As a consequence we have the general rule of thumb that the functor category $D^C$ shares most of the "nice" properties of $D$:
- if $D$ is complete (or cocomplete), then so is $D^C$;
- if $D$ is an abelian category, then so is $D^C$;

We also have:
- if $C$ is any small category, then the category $\textbf{Set}^C$ of presheaves is a topos.

So from the above examples, we can conclude right away that the categories of directed graphs, $G$-sets and presheaves on a topological space are all complete and cocomplete topoi, and that the categories of representations of $G$, modules over the ring $R$,
and presheaves of abelian groups on a topological space $X$ are all abelian, complete and cocomplete.

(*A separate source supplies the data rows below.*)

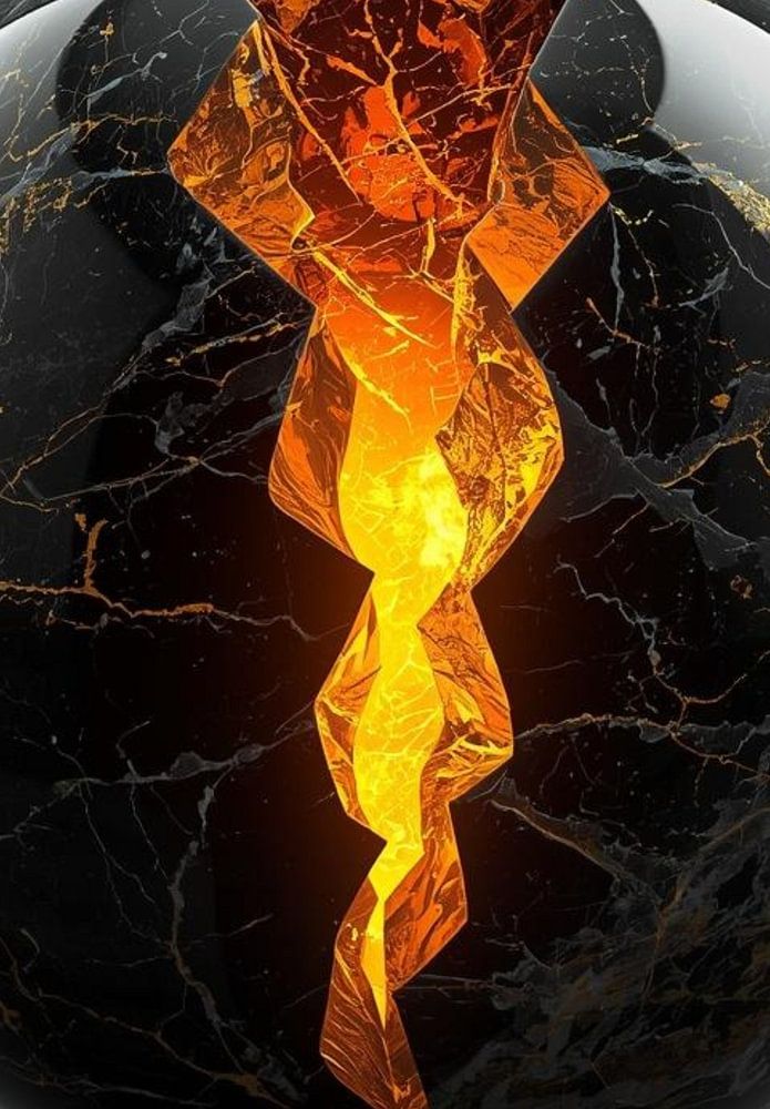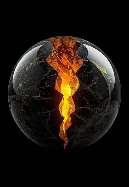 Dieses beeindruckende Kunstwerk verkörpert eine Verschmelzung von klassischer Harmonie und spiritueller Energie. Eine perfekte Kugel aus poliertem schwarzem Marmor, die sich durch elegante weiße Adern auszeichnet, ist zerbrochen und gibt den Blick auf einen strahlenden, leuchtenden Kern frei. Dieses Werk symbolisiert den Moment des…
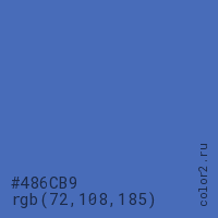 Цвет #486CB9 в цветовой модели RGB обозначается тремя октетами (72, 108, 185) в десятичном формате и #486CB9 в шестнадцатиричном (hex) формате, которые являются интенсивностью красного 72 (hex 48), интенсивность зелёного 108 (hex 6C) и интенсивность синего 185 (hex B9).
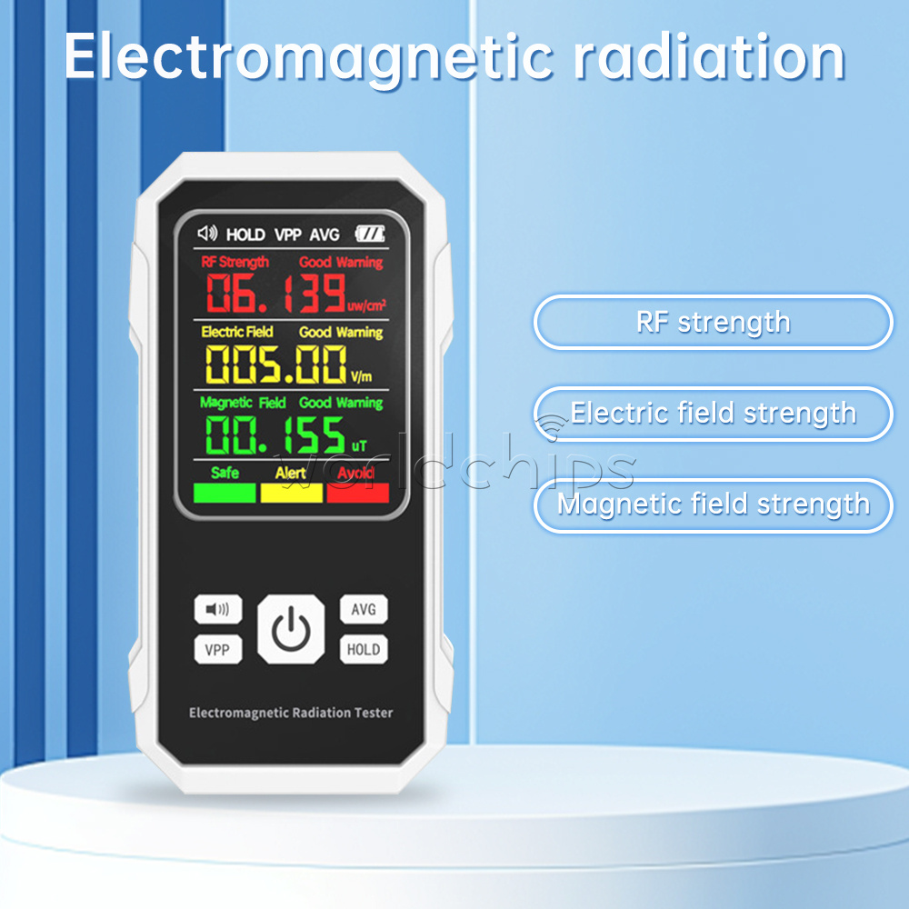 3. detects three parameters at the same time, quickly detects RF strength, electric field strength and magnetic field strength, and displays the data in the same interface, and at the same time prompts whether the three data exceed the standard.

The embedding of the category $C$ in a functor category that was mentioned earlier uses the Yoneda lemma as its main tool. For every object $X$ of $C$,
let $\text{Hom}(-,X)$ be the contravariant representable functor from $C$ to $\textbf{Set}$. The Yoneda lemma states that the assignment
$X \mapsto \operatorname{Hom}(-,X)$
is a full embedding of the category $C$ into the category Funct($C^\text{op}$,$\textbf{Set}$). So $C$ naturally sits inside a topos.

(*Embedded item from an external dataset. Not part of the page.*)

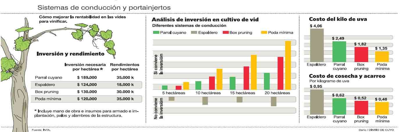 Continuamos en la búsqueda de bajar costos y de ayudar al productor. Una de las recomendaciones para mejorar la rentabilidad en el sector vitivinícola está basada en el sistema de conducción. Raúl Novello, economista del INTA San Juan, comparó dentro de los que se dedican a vinificar, el parral cuyano, que ronda 35.000 kilos por hectárea, el espaldero de 18.000, el box pruning (llamado poda en seto, o también poda en caja) de 30.000 y el de poda mínima, que también da 35.000 kilos por hectárea.
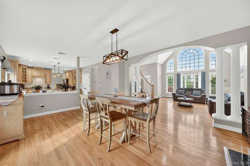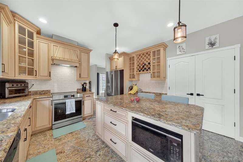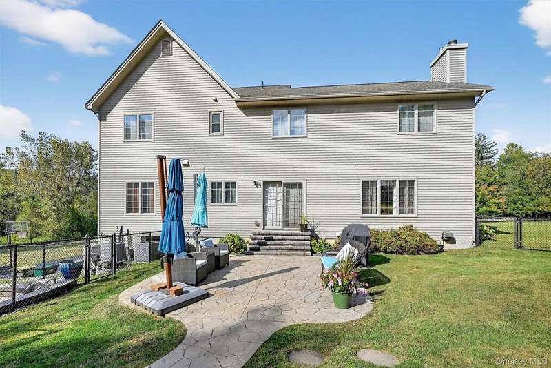 Welcome home to this spacious and well-maintained center-hall colonial located on a quiet cul-de-sac set on 1.8 acres. Freshly painted throughout, the home features 4 large bedrooms, 2.5 baths, hardwood floors across the main level and a comfortable layout, including a living room that opens to a dining area with a wood-burning fireplace. There is also a separate family room perfect for entertaining guests, hosting game night or watching movies. The updated kitchen offers granite countertops, brand-new tile backsplash, extended wood cabinetry, a large center island, and newer appliances including refrigerator, induction cooktop oven, and microwave (all approx. 2 years old), as well as a new reverse osmosis water purifier. A formal dining room just off the kitchen offers flexibility for an office or additional living space. Upstairs, the primary suite offers vaulted ceilings, recessed lighting, a large walk-in closet, and an en-suite bathroom with jetted tub and walk-in shower. Three additional bedrooms and a full bath complete this level. Additional features include central air and a full walk-out basement with high ceilings and poured concrete foundation, ideal for storage or finishing for additional living space.Best of all, you can spend the summer relaxing by your in-ground pool! (Owners had brand new pool liner installed Nov 2025) Other outdoor amenities include a stamped-concrete patio with separate seating area and pergola, fully fenced in back yard and an extended paved driveway leading to a 2-car attached garage. Situated in the Town of Newburgh with Marlboro Schools, and located close to hiking and biking trails, local wineries, fruit orchards and apple farms, this home is a perfect oasis from the stress of daily life. Come see why the Hudson Valley is such a great place to call home!

The same can be carried out for any preadditive category $C$: Yoneda then yields a full embedding of $C$ into the functor category Add($C^\text{op}$,$\textbf{Ab}$).
So $C$ naturally sits inside an abelian category.

The intuition mentioned above (that constructions that can be carried out in $D$ can be "lifted" to $D^C$) can be made precise in several ways; the most succinct formulation uses the language of adjoint functors.
Every functor $F : D \to E$ induces a functor $F^C : D^C \to E^C$ (by composition with $F$). If $F$ and $G$ is a pair of adjoint functors, then $F^C$ and $G^C$ is also a pair of adjoint functors.

The functor category $D^C$ has all the formal properties of an exponential object; in particular the functors from $E \times C \to D$
stand in a natural one-to-one correspondence with the functors from $E$ to $D^C$. The category $\textbf{Cat}$ of all small categories with functors as morphisms
is therefore a cartesian closed category.